It has been three years since coming home from Africa. I wrote this toward the end of my partner’s two month furlough in the States. Alone in that dusty village for weeks, I discovered a hunger to write in my journal. I would fill pages and pages to satisfy my desire to communicate in a place where no one but my translator spoke english. If it seems unfinished, that’s because it is. I think the process of writing down a thought is never clean cut; it never ceases to move and evolve with every successive moment. I was merely trying to get on paper whatever was in my mind at that moment, and see where it went.
This is an excerpt from that journal, written on a day as mundane as any other. Reading it feels familiar. But also as if it came from another person, and perhaps a better one.
2 months are almost up.
Where does the time go? One year ago, I was stepping off a plane with someone I barely knew. Each day has felt long, yet looking back it seems a blur of emotions, weather, pain and joy, landscapes. We have a home now, filled with people and all the collected pets that attached themselves to our hearts like burrs on felt.
I’ve learned things. Even as recently as the last few weeks. My heart has transformed its shape too many times, more than I care to recall. The full spectrum of human emotion. Learning what to do with myself, a transitory creature.
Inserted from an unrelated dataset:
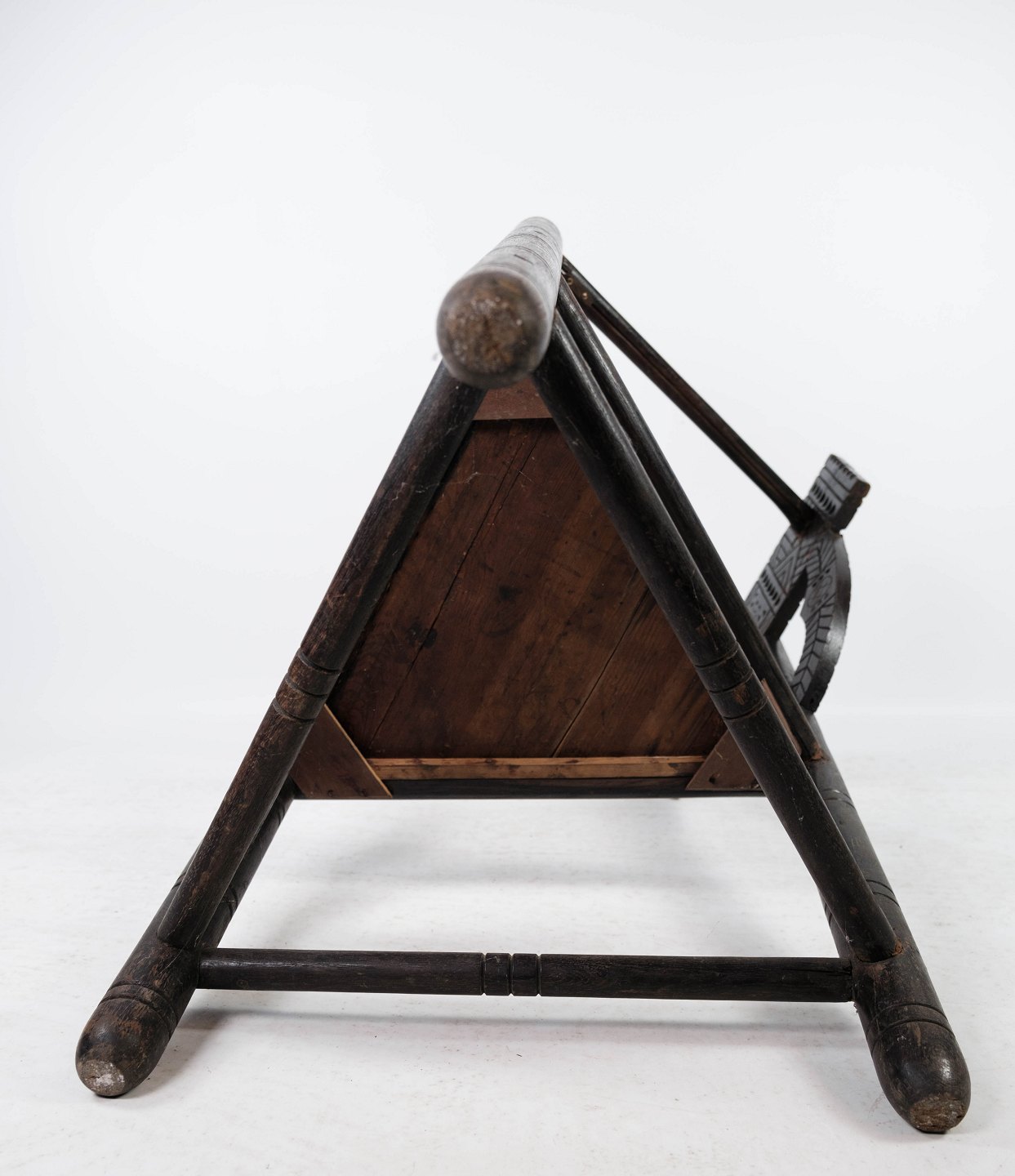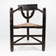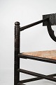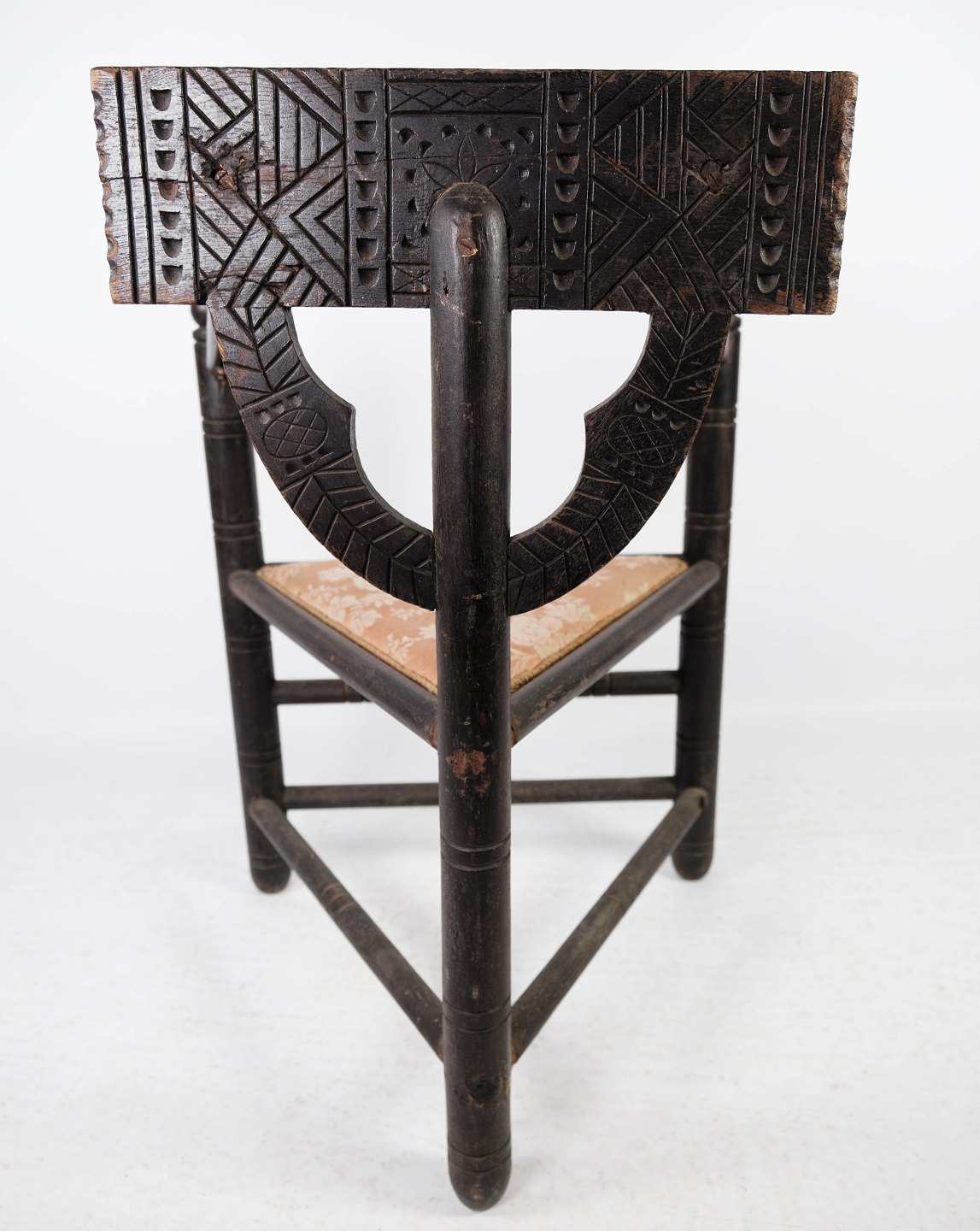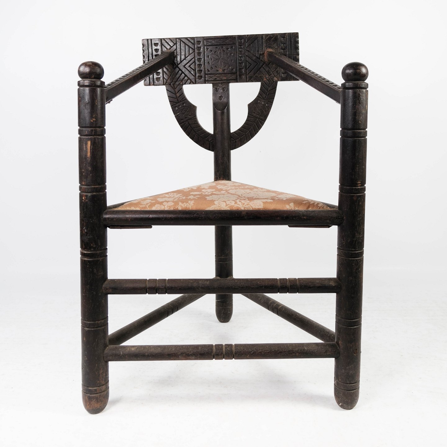 Armchair of dark wood with carvings and upholstered with light fabric, in great antique condition from 1880.

I mold and shape my life, or allow it to be shaped, in hopes of a place in my distant future, traveling a narrow road before I rest.
Faces clutter my mind. Old ones are within the deepest layers, but new ones crowd the surface. Men and women enshrouded in swaths of black cloth, adorned with bright beads, yellow, red, white. Gapped front teeth and outstretched hand in greeting, polite indifference. Not every tribe is hungry or waiting for the message of salvation. Salvation from what? They like their lives. They aren’t plagued with as much melancholy or self-doubt as a Western mind. They love the dancing, the controlled breathing, their flocks of sheep, goats, herds of cattle. White milk homogenized in large gourds, tangy, thick, on the verge of becoming yogurt, served in thin metal bowls. Honey, dark and sweet, that tastes like flowers.
It’s been a year of reflection, a flip coin of self-loathing and a realization of God’s grace. You can’t give what you don’t have, and so many people come to me, asking and asking until I feel devoid of everything, not only of monetary units of currency. Like a steady metronome, I feel my heart click back and forth between compassion and exasperation. Am I a missionary, or a benefactor? It would be all too easy to pack my things and fly home. No one would begrudge me defeat.
If that is all I am, all I will be, then it is meaningless. If I felt such an inclination to improve humanity’s condition, there are others worse off. No, that is not why I have come. I was sent, called, and not in the way people always talk about. “How did you find your calling?” I never received a celestial message informing me that I was supposed to devote my life to missions. No. For a long time my uncertainty ate me away, even after coming here, even after considering the circumstances that preceded my arrival.
These people don’t know Jesus.
That fact alone, I am not proud to admit, is often not strong enough for me, yet it’s strong enough for the God who sent me. And in my most desperate moments, that truth buoys, it transcends every petty, vapid thought I have that savours of lost hope and impatience.
When you pray that He will be strong in your weaknesses, He does not make you stronger. He rather uses your failings as a backdrop, a juxtaposition, for His light and wonders. The darker the night the brighter the stars, and I can see where my Father is present, why I can endure at all in a place so lonely and desolate. The fact that I am where I am at all is to His credit. When compassion wells up within me, after weeks of being asked and begging, I know where it comes from.
Because, you see, it’s a choice. Many claim that you can’t control how you feel, but you can control what you remember. My first reaction, weary after all this time, is to become tired and resentful. But then I choose not to forget my past debts that have been pardoned, How many times do I ask my Father for my needs? And in His way, He gently turns my heart away from myself and to the those who are yet strangers. He waits for me, day to day, to remember what I need to know. I’ve grown calmer, on the inside. The edge is being worn off.
I fear judgement from others, and in turn God is feared by me; I don’t allow myself to hope for favor because I know what I deserve and have learned in life to keep my expectations quiet, to not make an opportunity for rejection.
You begin to see how weak I am.
But…but how can I convince others of a love I either don’t remember or lack faith in?
My peace comes in loving others, because then it makes it tangible. “This is how God has loved me. That is where I learned how.” Like sitting down to a grand piano and allowing your fingers to sink into ivory keys, listening to deep tones that resonate through to your bones. At that moment you remember the lessons, the tutor, the instruction. It comes back to you.